Friday, January 24, 2014

A Significant Setback

You can't expect a cancer-blog to always be reporting good news and I am very sorry that today's report will not be humorous or presenting good progress.

On Wednesday (1/22), I went to Boston for a day of tests to confirm my readiness for stem cell harvest. I had been looking at this as a formality of sorts since I had been told that the therapy I have been getting ("RVD") was nearly 100% effective in bringing MM into remission. Unfortunately, I flunked the test. My MM may have been knocked back by "RVD", but it appears that the disease did not stay knocked down for long. In addition to bad blood chemistry, there has also been additional bone deterioration in my spine.

Needless to say, this is a fairly major setback.

The doctors did not sound all that dismayed by this news. (I think they are trained to never sound dismayed.) Their attitude was, "Well - this happens sometimes and there are other treatments we can try that are usually highly effective under these conditions." I am sure what they are telling us is factually true, but still this is a big disappointment. I had always figured we would get to the point where "RVD" would stop being effective, but I had hoped that time would be as much as 3 - 10 years in the future and that in the meantime, I would be able to hike and chop wood and ski and lead a pretty normal life.

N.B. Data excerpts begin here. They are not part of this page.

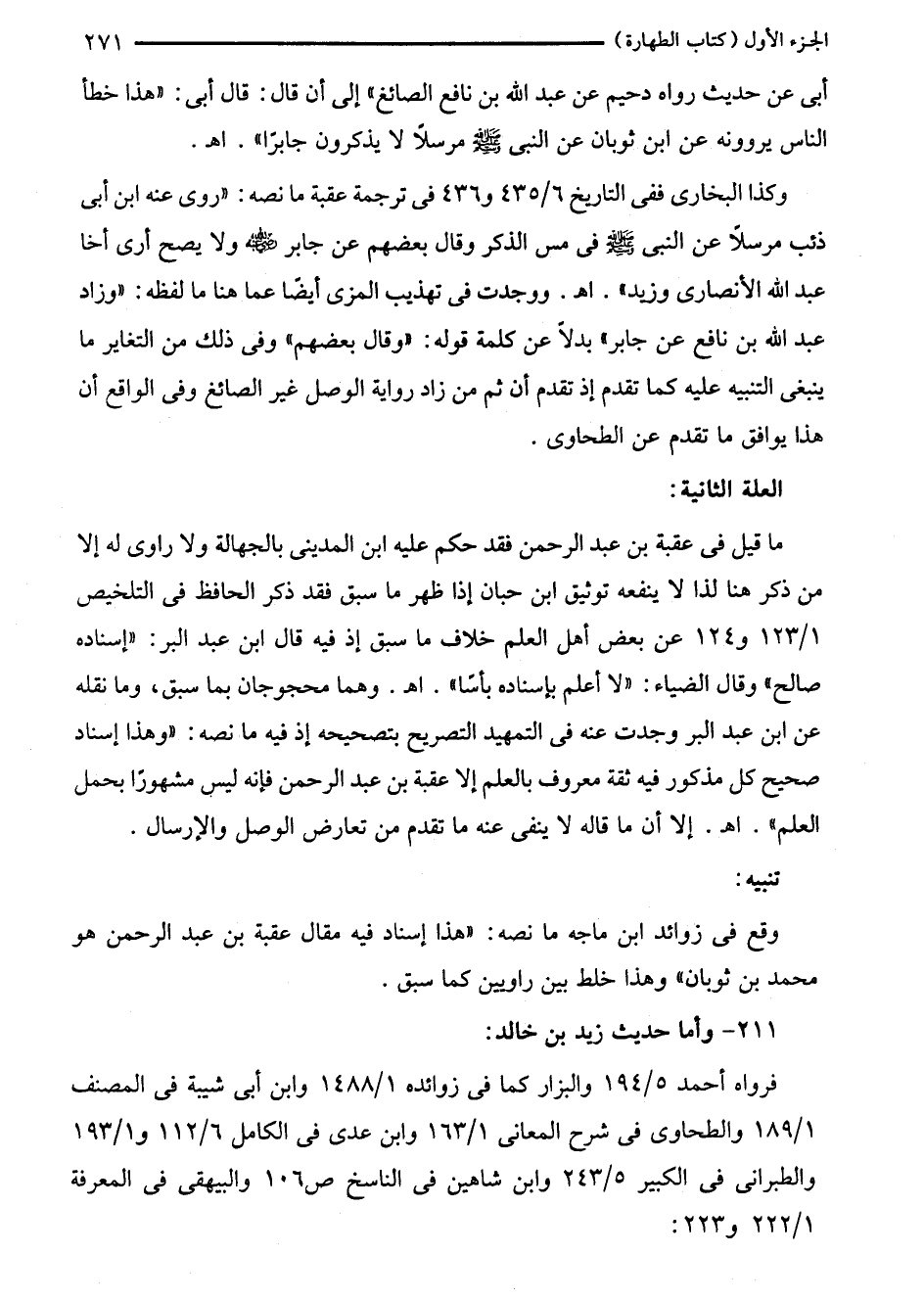 وكذا البخاري ففي التاريخ 6/ 435 و 436 في ترجمة عقبة ما نصه: "روى عنه ابن أبى ذئب مرسلًا عن النبي - صلى الله عليه وسلم - في مس الذكر وقال بعضهم عن جابر - رضي الله عنه - ولا يصح أرى أخا عبد الله الأنصارى وزيد". اهـ. ووجدت في تهذيب المزى أيضًا عما هنا ما لفظه: "وزاد عبد الله بن نافع عن جابر" بدلًا عن كلمة قوله: "وقال بعضهم" وفى ذلك من التغاير ما ينبغى التنبيه عليه كما تقدم إذ تقدم أن ثم من زاد رواية الوصل غير الصائغ وفى الواقع أن هذا يوافق ما تقدم عن الطحاوى.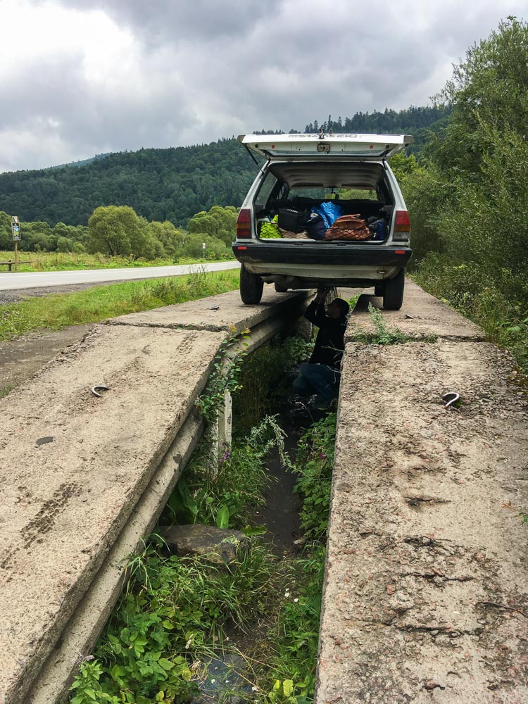 - Бійтеся зламатися в Карпатах, кермуйте уважно та обережно, і горе вам, якщо ви проігнорували попередній пункт. Ох, надивилися ми в дорозі на нещасних уздовж узбіччя з піднятими капотами та розваленою ходовою. Наспілкувалися з ними біля їхніх напіврозібраних залізних коней на СТО. Так, саме при спуску з Полонини Руни ми відірвали глушник і потребували звичайного підйомника чи естакади для його монтажу. По-перше, важко знайти запчастини (навіть звичайні кріплення потрібного типу) з сьогодні-на сьогодні. По-друге, черга запису на СТО – як до лікаря стоматолога. По-третє, на якісь дивні церковні свята (не державного значення) – деякі СТО не працюють. Бо свято ж. Врешті, конкретно ми змушені були знайти закинуту автобазу і ми власноруч вдвох все полагодили.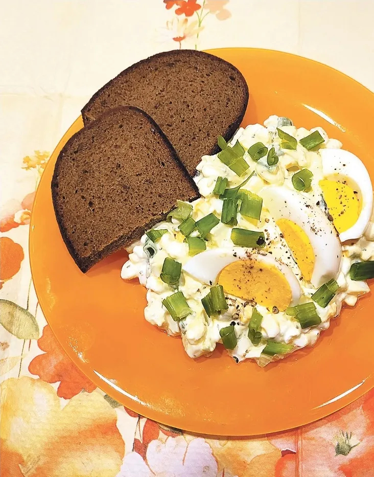 Mājas siers ar vārītām olām un sīpolu lociņiem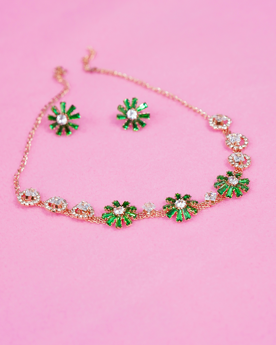 This elegant Green Flower Necklace features vibrant green petals with sparkling crystal centers, creating a striking and sophisticated look. The necklace is beautifully crafted with a gold-toned chain, while the matching earrings complete the set. Perfect for weddings, parties, and festive events, this set adds a pop of color and elegance to any outfit.

This also means that I have been kicked off the Clinical Trial. The good news is that while I will keep my Dana Farber oncologists, I can get most of my chemo in Hookset, NH - which is one hour from Meredith. We are not sure what this means relative to the Westboro place (Foxdown Abbey), but we plan to go ahead with the purchase. Hookset is almost exactly half-way in between the two towns; perhaps we will still spend half time in each place.

On Wednesday and Thursday, I was pretty depressed about this development, but I am back to taking things one day at a time. This development probably means that my survival prospects are not as good as they had been, but dwelling on that will not help matters. I am trying to get the most out of each day.

At this point, I have been off of chemo for three weeks and the chemo side effects are pretty much gone. It is great to have my sense of taste back and to be able to enjoy my food for a while. It is also good to have my brain back to normal - for me that is. I had not realized how much I had been affected with "motor mouth syndrome" (Chemo Brain?).  A holiday card that I had sent came back as undeliverable and I could see from the address that I had had a lot of difficulty actually hand writing it.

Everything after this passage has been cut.